Natural Language Processing Group (NLP)
Daniel Klein, Alexandre Bouchard-Cote, John Sturdy DeNero, Aria Delier Haghighi, Percy Shuo Liang, Adam David Pauls, Slav Orlinov Petrov and David Burkett
National Science Foundation, Microsoft, MICRO and Defense Advanced Research Projects Agency
The Berkeley Natural Language Processing Group builds systems which analyze and understand human language data. We combine statistical modeling techniques with linguistically rich structural representations to efficiently deal with the complexities and ambiguities of natural language. A particular focus of our group is on building systems that maximize elegance, accuracy, and efficiency.
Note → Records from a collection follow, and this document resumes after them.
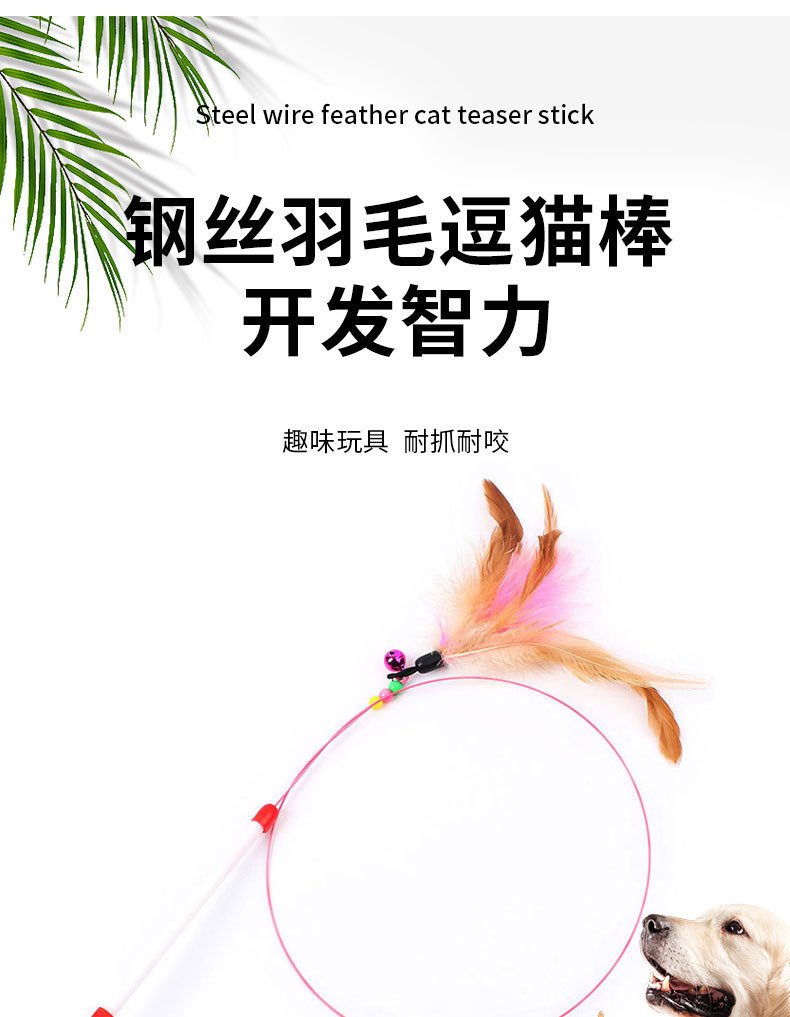 羽毛钢丝逗猫棒猫狗互动自嗨玩具仙女棒羽毛耐咬长杆逗猫棒
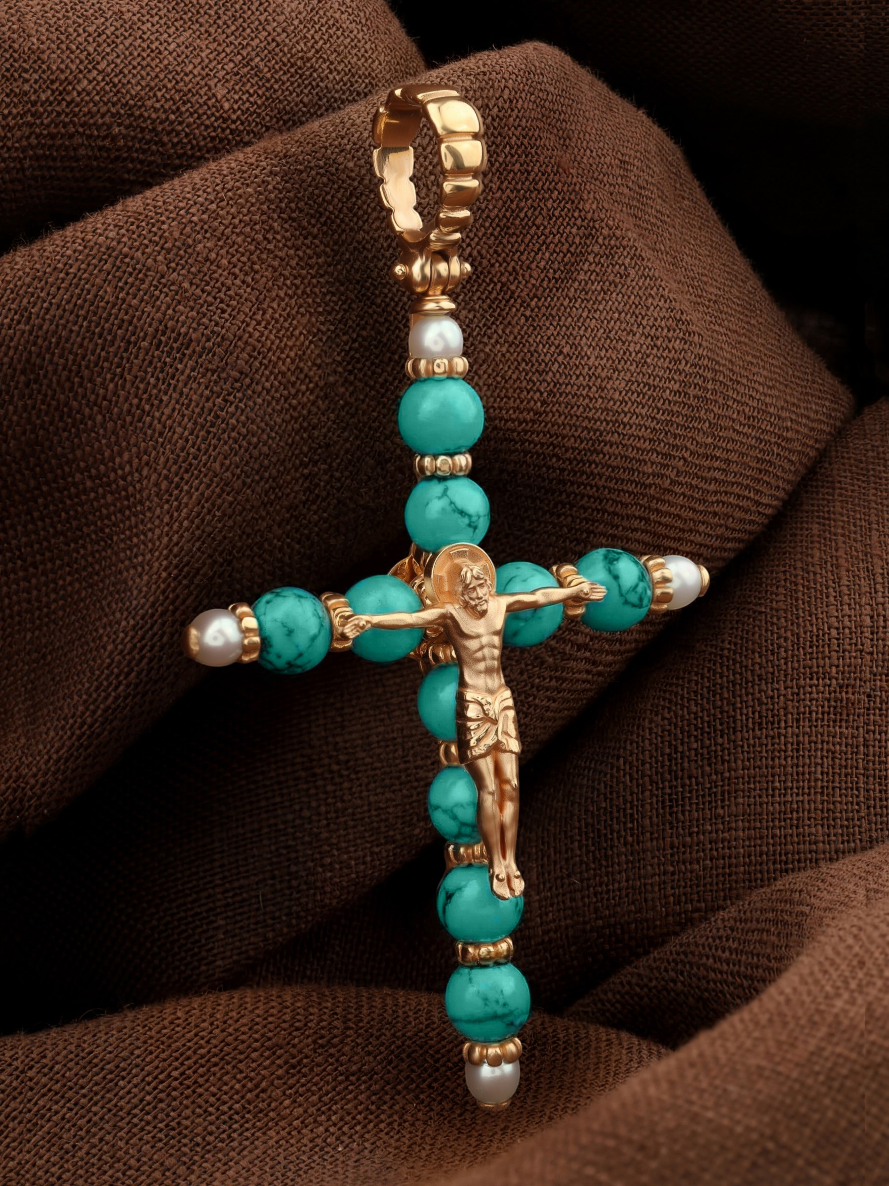 Крест из золота c жемчугом и бирюзой
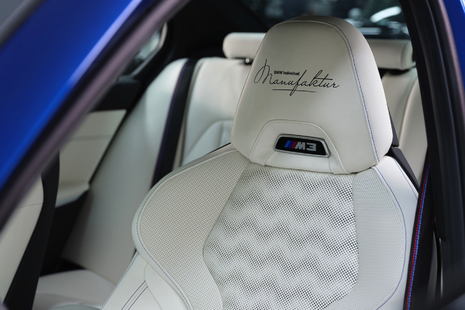 Ebenfalls drei Kunden dürfen sich über die 530 PS starke BMW M3 Competition Special Edition mit Allradantrieb M xDrive freuen, die in Saphirblau Metallic lackiert wird. Hier findet sich das Individual Manufaktur-Logo direkt oberhalb der beleuchteten M3-Logos in den Lehnen der Sportsitze.
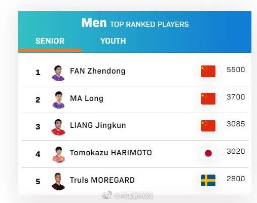 据澎湃新闻报道,随着WTT冠军赛布达佩斯站比赛的落幕,国际乒联公布了最新一期的世界排名。
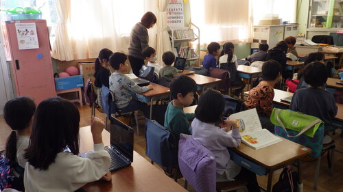 国語の時間に、大三しょうてんがいの開店準備をしました。
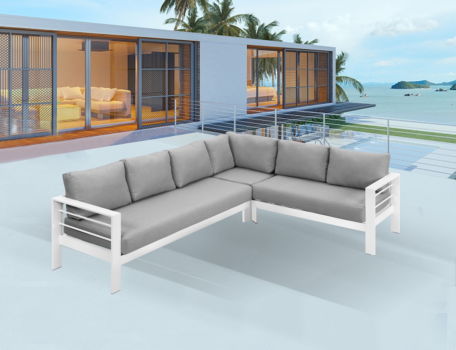 Patio Furniture Set, Outdoor Aluminum Sectional Sofa Couch - 3 Pieces All-Weather Metal Conversation Set Corner Sofas,White
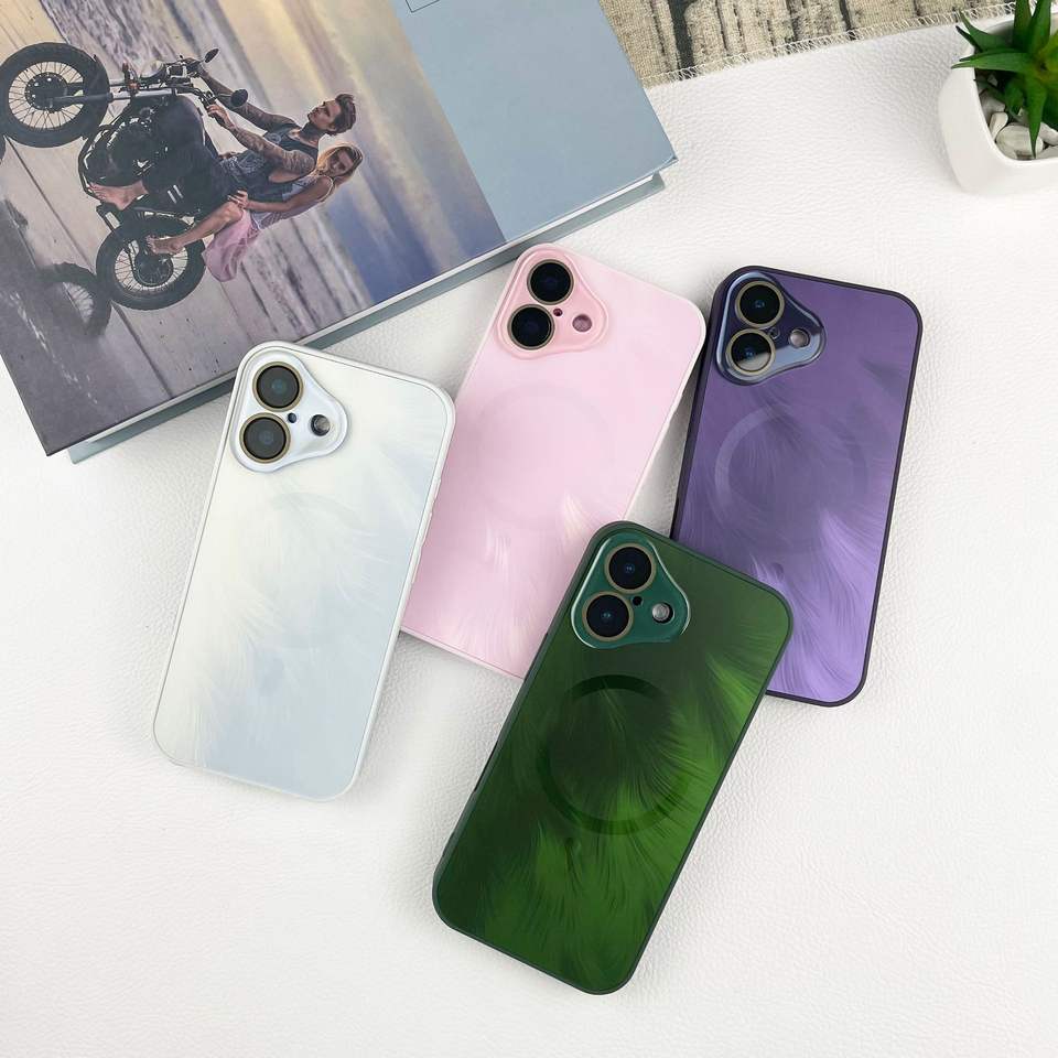 Coque de luxe Phoenix Tail Texture AG pour iPhone 16/16 Pro Mac coque arrière givrée mate avec protecteur d'objectif de caméra en verre

Our research covers a range of topics in natural language processing. Broadly, we work on the following areas:
- Linguistic analysis: disambiguating the syntactic and semantic structures of text. Our work in this area includes syntactic parsing, semantic role labeling, and coreference. Some highlights: we currently have an extremely fast parser which is currently the best parser in several languages. Current projects include Parsing, Historical Linguistics, and Unsupervised Coreference;
- Machine translation: mapping text in one language into another. Our current work in MT is focused on syntax-based translation and discriminative learning methods. We have also studied word alignment (translation lexicon learning) heavily and have built several of the best word alignment systems. Current projects include Machine Translation and Word Alignment;
- Speech recognition: transcribing audio into text. We are applying the learning methods from our successful parser to the speech recognition problem; and
- Unsupervised learning: detecting and inducing hidden structure. Humans learn language without supervision, can machines? We have demonstrated that a range of linguistic structure, including grammar, coreference, word classes, and translation lexica can be effectively learned in an unsupervised fashion. Current projects include Parsing, Historical Linguistics, and Unsupervised Coreference.